### Information supplied
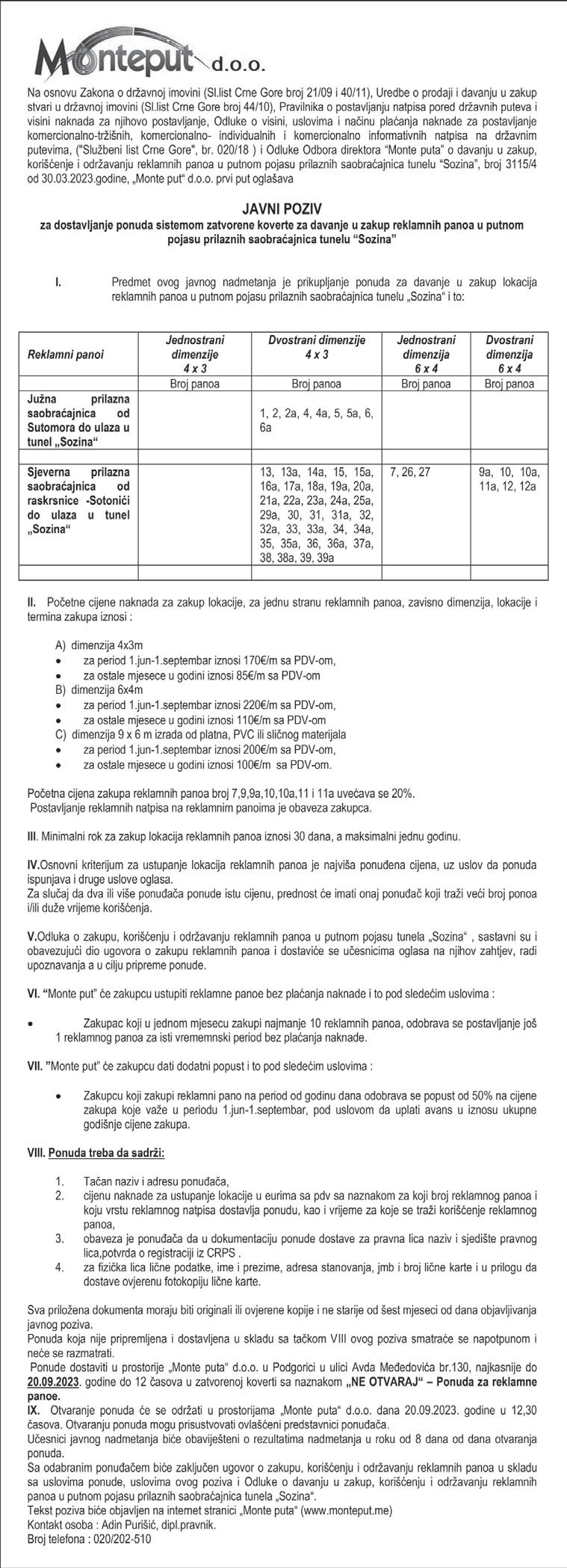 Početna cijena zakupa iznosi 300,00 eura/mjesečno. Zakupac, koji bude izabran po pozivu, je obavezan da pri potpisivanju ugovora, uplati iznos zakupnine za 3 mjeseca unaprijed. II
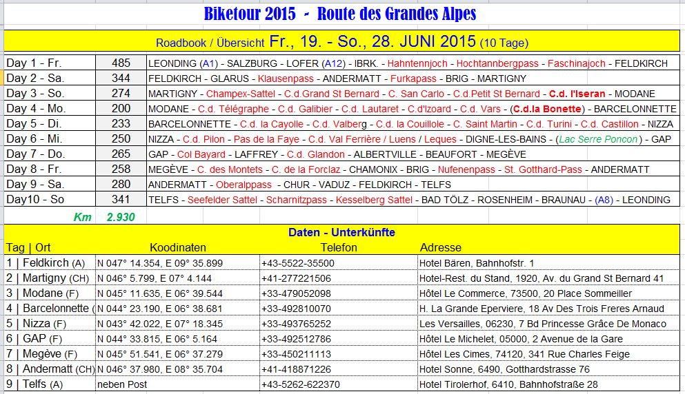 Tourenplanungen 2003-2015 (Übersicht)
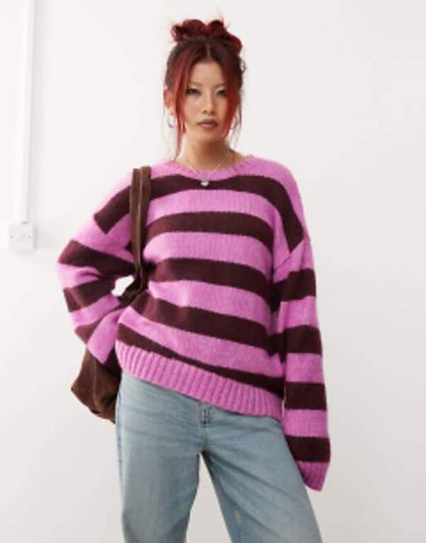 モンキ レディース アウター ニット・セーター クルーネック セーター ニット Monki crew neck knit sweater and burgundy stripe PINK AND BURGUNDY バーガンディ
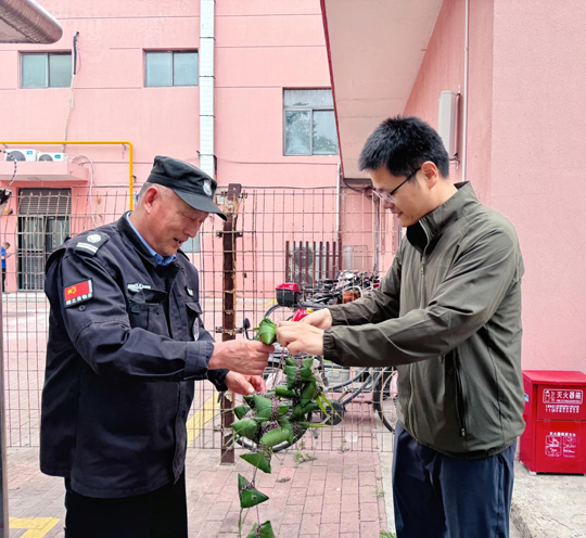 活動(dòng)結(jié)束后,工作人員還第一時(shí)間將新出爐的熱粽子送到現(xiàn)場(chǎng)值班保安、保潔手中,傳遞節(jié)日關(guān)懷。

### Instructions for the task
The result should be the full listing, retyped exactly and free of pictures.

### Response below
 Početna cijena zakupa iznosi 300,00 eura/mjesečno. Zakupac, koji bude izabran po pozivu, je obavezan da pri potpisivanju ugovora, uplati iznos zakupnine za 3 mjeseca unaprijed. II
 Tourenplanungen 2003-2015 (Übersicht)
 モンキ レディース アウター ニット・セーター クルーネック セーター ニット Monki crew neck knit sweater and burgundy stripe PINK AND BURGUNDY バーガンディ
 活動(dòng)結(jié)束后,工作人員還第一時(shí)間將新出爐的熱粽子送到現(xiàn)場(chǎng)值班保安、保潔手中,傳遞節(jié)日關(guān)懷。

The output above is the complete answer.